From first line to last, copy the listing exactly and omit its pictures.

▶ **SUPPLIED INFORMATION**
++++++++++++++++++++

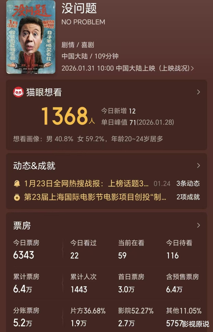 预计最终票房不会达到8万人民币,《没问题》暂时将会成为年度最惨电影。
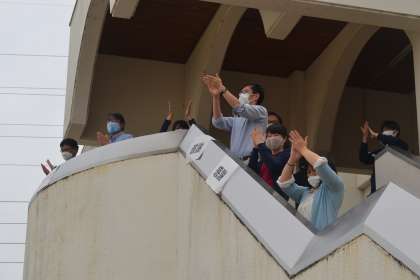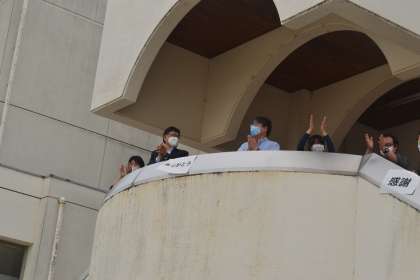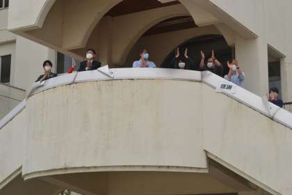 まだ少し慣れない様子だった先週とは違い、今週は「ありがとー!!」「がんばれー!!」の声とともに、医療に携わる人々、そして今日も自宅でがんばっている曽野小のみんなに向けて、拍手をしました。あと少し、みんながんばろう!!
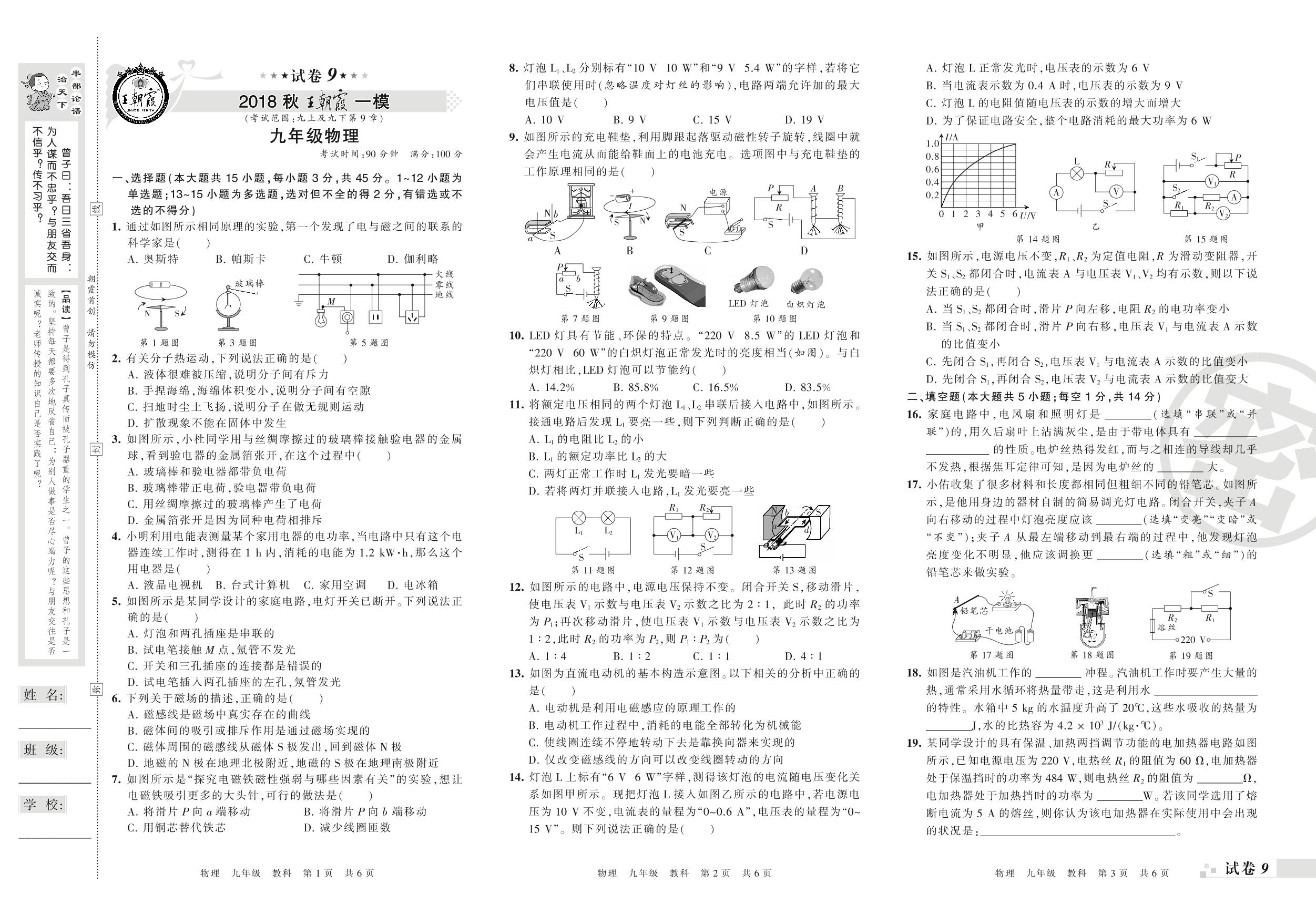 王朝霞期末模拟卷九年级上册物理(教科版)_R21081191136【9】

++++++++++++++++++++

▶ **YOUR RESPONSE**
 预计最终票房不会达到8万人民币,《没问题》暂时将会成为年度最惨电影。
 まだ少し慣れない様子だった先週とは違い、今週は「ありがとー!!」「がんばれー!!」の声とともに、医療に携わる人々、そして今日も自宅でがんばっている曽野小のみんなに向けて、拍手をしました。あと少し、みんながんばろう!!
 王朝霞期末模拟卷九年级上册物理(教科版)_R21081191136【9】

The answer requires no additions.